Top of EXTRACTED DATA

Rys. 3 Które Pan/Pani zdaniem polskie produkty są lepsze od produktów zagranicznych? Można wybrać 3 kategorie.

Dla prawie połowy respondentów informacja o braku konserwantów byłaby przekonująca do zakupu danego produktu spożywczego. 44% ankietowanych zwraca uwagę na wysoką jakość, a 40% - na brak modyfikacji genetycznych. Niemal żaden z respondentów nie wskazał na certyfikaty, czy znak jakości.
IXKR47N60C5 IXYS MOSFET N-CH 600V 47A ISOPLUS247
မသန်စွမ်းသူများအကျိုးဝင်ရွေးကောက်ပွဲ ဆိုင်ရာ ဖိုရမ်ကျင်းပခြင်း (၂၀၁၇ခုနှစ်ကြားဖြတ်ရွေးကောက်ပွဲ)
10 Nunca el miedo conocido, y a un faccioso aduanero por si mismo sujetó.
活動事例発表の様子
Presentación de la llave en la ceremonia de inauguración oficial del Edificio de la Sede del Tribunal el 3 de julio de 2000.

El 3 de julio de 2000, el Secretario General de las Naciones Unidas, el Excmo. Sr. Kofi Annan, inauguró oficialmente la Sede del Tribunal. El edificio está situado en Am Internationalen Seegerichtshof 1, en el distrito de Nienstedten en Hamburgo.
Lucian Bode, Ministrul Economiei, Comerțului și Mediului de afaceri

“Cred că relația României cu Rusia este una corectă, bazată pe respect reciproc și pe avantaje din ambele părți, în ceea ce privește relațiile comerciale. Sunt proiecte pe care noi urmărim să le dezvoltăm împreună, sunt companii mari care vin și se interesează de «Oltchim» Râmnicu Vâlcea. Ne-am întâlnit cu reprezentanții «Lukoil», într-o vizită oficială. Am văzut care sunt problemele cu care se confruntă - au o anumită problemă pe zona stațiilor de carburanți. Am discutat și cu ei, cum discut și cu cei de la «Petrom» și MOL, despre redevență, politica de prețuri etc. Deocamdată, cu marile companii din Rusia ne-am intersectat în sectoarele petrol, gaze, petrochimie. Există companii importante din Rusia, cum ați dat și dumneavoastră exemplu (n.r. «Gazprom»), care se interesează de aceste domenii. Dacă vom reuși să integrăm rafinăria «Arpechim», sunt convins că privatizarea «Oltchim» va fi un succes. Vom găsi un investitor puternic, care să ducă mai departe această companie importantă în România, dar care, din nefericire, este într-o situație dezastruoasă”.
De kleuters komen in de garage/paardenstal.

Bottom of EXTRACTED DATA

Nothing but the lines from the start of the data through the line holding "El 3 de julio de 2000, el" should be restated, and each one exactly.

Rys. 3 Które Pan/Pani zdaniem polskie produkty są lepsze od produktów zagranicznych? Można wybrać 3 kategorie.

Dla prawie połowy respondentów informacja o braku konserwantów byłaby przekonująca do zakupu danego produktu spożywczego. 44% ankietowanych zwraca uwagę na wysoką jakość, a 40% - na brak modyfikacji genetycznych. Niemal żaden z respondentów nie wskazał na certyfikaty, czy znak jakości.
IXKR47N60C5 IXYS MOSFET N-CH 600V 47A ISOPLUS247
မသန်စွမ်းသူများအကျိုးဝင်ရွေးကောက်ပွဲ ဆိုင်ရာ ဖိုရမ်ကျင်းပခြင်း (၂၀၁၇ခုနှစ်ကြားဖြတ်ရွေးကောက်ပွဲ)
10 Nunca el miedo conocido, y a un faccioso aduanero por si mismo sujetó.
活動事例発表の様子
Presentación de la llave en la ceremonia de inauguración oficial del Edificio de la Sede del Tribunal el 3 de julio de 2000.

El 3 de julio de 2000, el Secretario General de las Naciones Unidas, el Excmo. Sr. Kofi Annan, inauguró oficialmente la Sede del Tribunal. El edificio está situado en Am Internationalen Seegerichtshof 1, en el distrito de Nienstedten en Hamburgo.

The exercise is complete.